ROWING UP, my mom would drive us to school every morning. So my brother, two sisters, and I became very familiar with the route from our house to the parish grade school. Along the way, one of the things we would pass was a Methodist Church. I remember that every year, toward the end of the school year, that Methodist Church always put a sign out on their lawn advertising their annual Strawberry Festival. I probably didn’t think anything of it at first. But, as I got to be in fourth or fifth grade, I started to think about that a bit more. I wondered why on earth anybody would hold a festival to celebrate strawberries. Why would you? It made no sense to me.
I loved strawberries as much as the next kid, but I loved macaroni & cheese, too, and I never saw anybody hold a Macaroni-and-Cheese Festival. So I asked my mom about it, and she explained that strawberry festivals come from the days when you couldn’t get strawberries all year round. Strawberries are really only in season, in these parts, from about April through September. Thanks to improved technology & transportation & imports, I could go to the supermarket today—even in December—and buy a package of delicious-looking strawberries. Fresh strawberries used to be something you had to wait for, whereas you could have mac-and-cheese anytime. That’s why the festival developed: to celebrate the harvest and the return to strawberry season.
I’ve never known what it is to wait for strawberry season. I’ve never known a world in which I couldn’t go to the store and buy strawberries 365 days a year (and at a 24-hour store, no less!). In fact, if I don’t want to wait in line, most stores will let me go through a “self check-out” line to speed things up.
We’ve become so instant that we’ve lost the ability to wait. We make coffee in our Keurig’s, because we don’t want to wait for a pot to brew. We can’t wait to put the car in park before reading our text messages.

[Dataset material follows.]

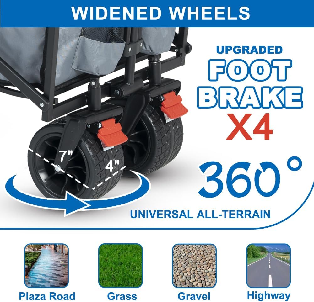 - 🛒Stable & Safe Foldable Wagons: 360° universal 4" widened and 7" diameter large all-terrain wheels, no matter on the beach, grass, gravel road or bad road conditions, it can drive stably and bring you a more comfortable experience. Equipped with 4 foot brakes, it can help us control the cart more easily and keep the stability of the cart, improving the safety of us.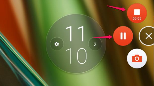 Để tạm dừng bạn nhấn nút tròn với biểu tượng đường thẳng song song, để ngừng quay và lưu video vào bộ nhớ máy bạn nhấn nút tròn với biểu tượng ô vuông.

It used to be a two-week trip to sail to Europe, but now I could be in Rome in time for dinner if I left right after breakfast. All of these advancements are good, in themselves, but they come with unintended side effects. One of those harmful side effects is that we’ve trained ourselves to reject waiting. I propose, however, that we need to rediscover the intrinsic worth of waiting.
The Church has the remedy for this. In her wisdom, she gives us Advent, the season of waiting for our Lord’s coming. I’ll bet you can remember a time when you got really excited for Christmas. Certainly, when you were a young kid, you knew how to look forward gleefully to Christmas. But, what about more recently? Has the whole experience dulled a bit? Has your childish excitement ever matured into an adult excitement for Christmas—the joyful anticipation that longs to see the face of Christ?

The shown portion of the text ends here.